What makes for a better re-entry post than a review of an apocalyptic article from OnePeterFive? Because if there is one thing that I have learned in my years of quiet reading, it would be that everybody loves a good apocalypse story. Amiright America?
The article is a review of this month’s prayer intention video – part of a series that the Pope has apparently been producing. I read the article before watching the video. This is significant, because 1P5 terrified me in their description. At first, a mild “We have a pope who takes great pains to avoid ever speaking about eternal things, but constantly beats the drum about what is temporal and transient.”
Ok, I’ll grant that. And their point about the previous video being, at best, confusing, and at worst, just stopping short of heresy.
But then, “What should be made of that?”
Through a series of, admittedly, disturbing quotes from some heavy-hitting Church leaders, among them Archbishop Fulton Sheen about how the antichrist is coming preaching peace and ecology and unifying persons and religions and how he will just simply leave Christ out of the equation, their conclusion is thus: we’ll stop just short of saying Pope Francis is the antichrist, but we’re pretty convinced that IF he’s not, he sure looks a lot like him.

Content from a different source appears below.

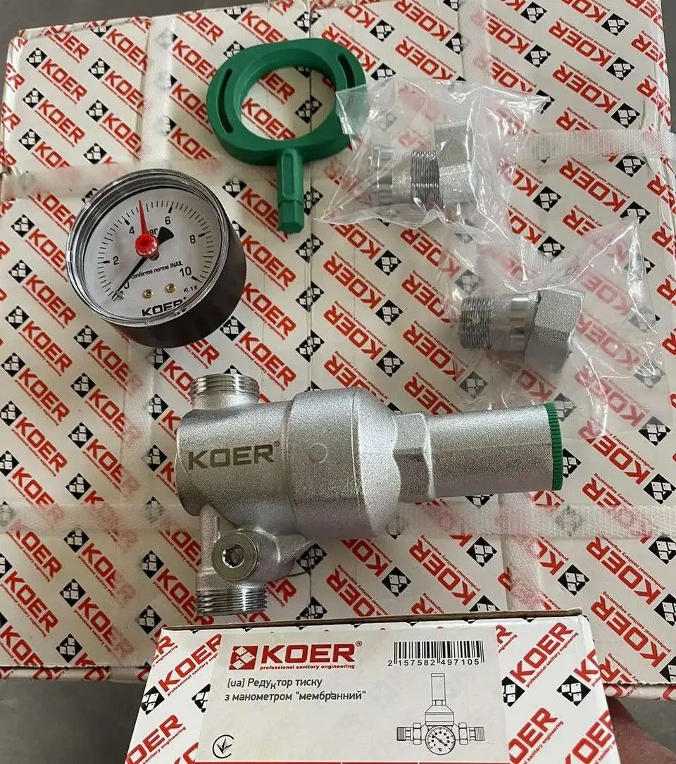 Мембранний редуктор тиску для води KOER з манометром 1/2" (Чехія)

I was terrified to watch the video. I prayed. I thought my soul would get sucked in like in the Ring (actually I never saw that one because I was afraid my soul would get sucked in). But, then I watched it, expecting the worst.
What a great video! Ok, so the magical background music when they show a bike as an alternative to pollution was a little hokey. But nowhere was there mention of Gaia, like the title said. A commenter mentioned the background music might be New Age (but honestly where else are you going to get earth-y music?). But in my book, praying that people find solutions to pollution and the poverty ecological disasters cause is actually a really good, timely thing. How is it different than praying that the people of Flint, Michigan, can reverse the damage done to them? And does anybody remember the Fukushima nuclear disaster? How real people died there? I prayed for them. Is that ok?
I think it’s clear to most reasonable people that praying for these things isn’t bad, and I even think the authors of 1P5 would agree. Where we differ most, I think, is the ease in which they suggest our Pope Francis “might” be the antichrist. To me, this is something VERY VERY serious and- even if one has a personal belief it might be true- to blog about it can put other souls in danger by leading them to leave the Church, or to disrespect the institution of the papacy, or to doubt their own faith. End-of-world stuff is only going to come around once, EVER. If 1P5 is wrong, they may have things to answer to God.
Moment of truth. Could it be that Pope Francis stops just short of heresy (because it’s wrong to preach heresy) in the same way 1P5 stops just short of calling Pope Francis the antichrist (because it’s wrong to call your Pope the antichrist)?
If so, then we’re all on the same side.